:: YOUR ASSIGNMENT ::
Repeat, word for word and with nothing added, each line from the one containing "-. Feature : Material: Cotton, ABS, PC, Polyester, EPE, Acrylic" to the final line of the data, keeping both ends. Pictures are not part of the copy.
[[ RECORD EXCERPTS, beginning ]]
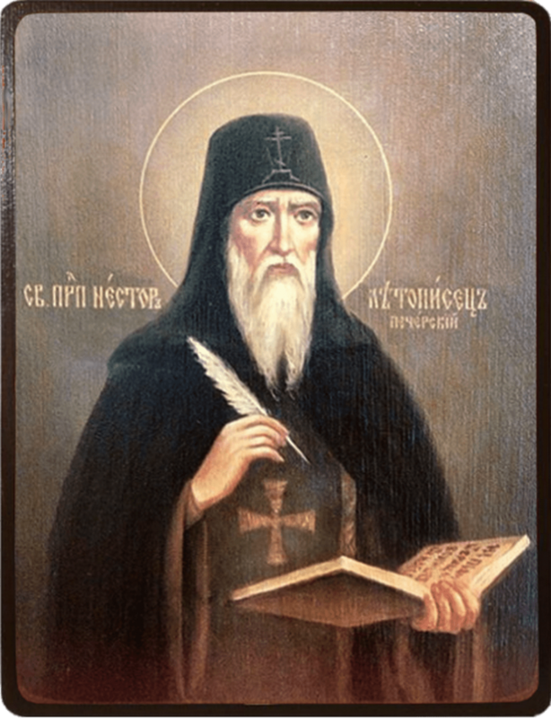 Преподобный Нестор Летописец родился в 50-х годах XI века в Киеве, 17-ти лет поступил в Киево-Печерскую обитель. Был послушником преподобного Феодосия. Постриг принял от игумена Стефана, преемника Феодосия. Своей чистотою жизни, молитвою и послушанием юный подвижник скоро превзошел даже известных печерских старцев. Был посвящен во иеродиакона. О его высокой духовной жизни говорит то, что он в числе других преподобных отцов участвовал в изгнании беса из Никиты Затворника, впоследствии Новгородского святителя (память 31 января), прельщенного в иудейское мудрствование. Преподобный Нестор является составителем первоначальной истории нашего Отечества, или летописи, где он излагает по годам сказание о начале Русской земли и последующих событиях ее истории до 1100 года. Кроме того, им написано житие святых князей Бориса и Глеба, "Сказание о первых печерских подвижниках" и проч.
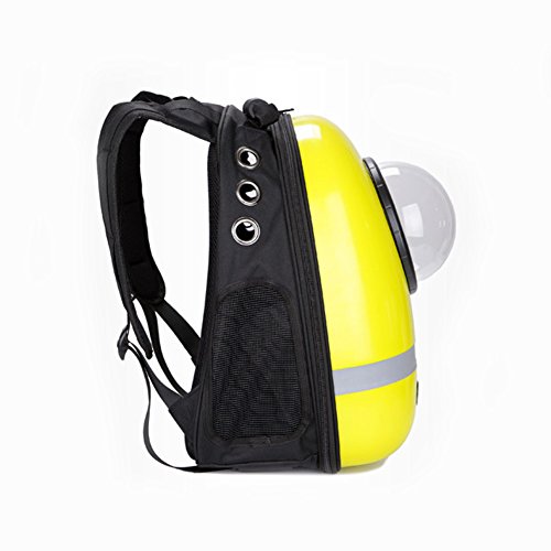 -. Feature : Material: Cotton, ABS, PC, Polyester, EPE, Acrylic / Size: 34.5cm x 29cm x 42cm/13.58" x 11.42" x 16.54" (Approx.) / Large space with big air holes and mesh, comfortable and breathable for your pet. / Features: Travel Backpack, Space Capsule Style, Comfortable, Breathable, Durable / The transparent cover and plastic mesh can be take off.
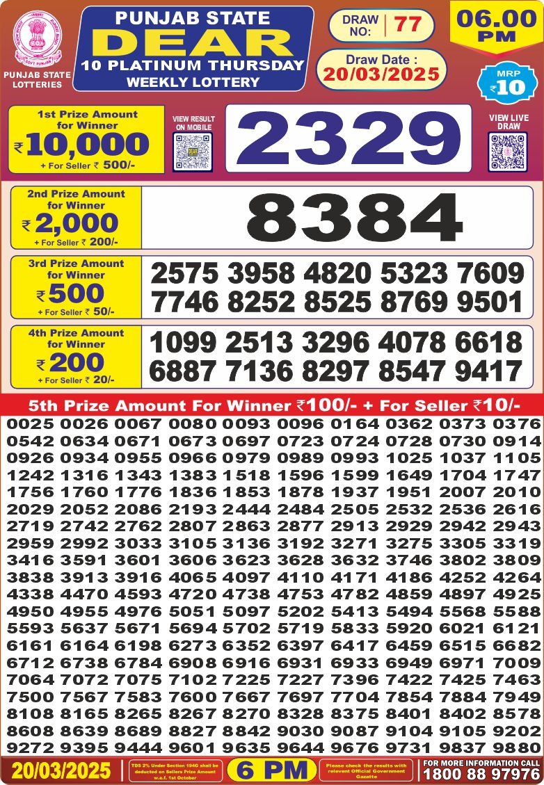 Nagaland State Lotteries was established in the year 1972 under the supervision of the Finance Department to generate a dependable source of revenue for the State Government. Nagaland State Lottery is held every day of the week at three different times of the day, Morning, Day, and Evening. Every day, the lottery is held under a different name with some difference in the prize money with the top prize worth ₹1 Crore (including Super Prize amount). The daily lotteries hosted by Nagaland State include Dear Morning Lottery, Dear Day Lottery, and Dear Evening Lottery which costs 6 Rupees for each ticket.
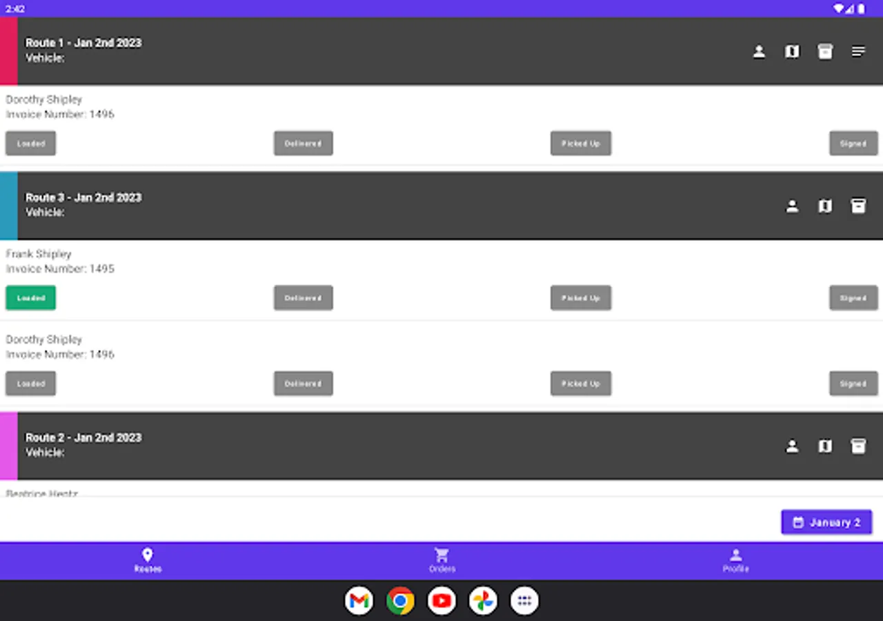 The Adelie Logistics Mobile App is a companion to the Adelie Logistics Inventory Tracker software. With the app, you can create routes, assign routes to specific employees, view your rental orders, update the status of a delivery, pick up, or will call order, view items for loading trucks for deliveries and generate digital contracts for customers to sign when accepting rental items.
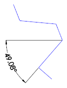 5. 모서리와 선분 사이의 각도 치수 미리보기가 나타납니다. 클릭하여 치수를 부가합니다. 예:
[[ RECORD EXCERPTS, end ]]
:: WRITTEN SOLUTION ::
 -. Feature : Material: Cotton, ABS, PC, Polyester, EPE, Acrylic / Size: 34.5cm x 29cm x 42cm/13.58" x 11.42" x 16.54" (Approx.) / Large space with big air holes and mesh, comfortable and breathable for your pet. / Features: Travel Backpack, Space Capsule Style, Comfortable, Breathable, Durable / The transparent cover and plastic mesh can be take off.
 Nagaland State Lotteries was established in the year 1972 under the supervision of the Finance Department to generate a dependable source of revenue for the State Government. Nagaland State Lottery is held every day of the week at three different times of the day, Morning, Day, and Evening. Every day, the lottery is held under a different name with some difference in the prize money with the top prize worth ₹1 Crore (including Super Prize amount). The daily lotteries hosted by Nagaland State include Dear Morning Lottery, Dear Day Lottery, and Dear Evening Lottery which costs 6 Rupees for each ticket.
 The Adelie Logistics Mobile App is a companion to the Adelie Logistics Inventory Tracker software. With the app, you can create routes, assign routes to specific employees, view your rental orders, update the status of a delivery, pick up, or will call order, view items for loading trucks for deliveries and generate digital contracts for customers to sign when accepting rental items.
 5. 모서리와 선분 사이의 각도 치수 미리보기가 나타납니다. 클릭하여 치수를 부가합니다. 예:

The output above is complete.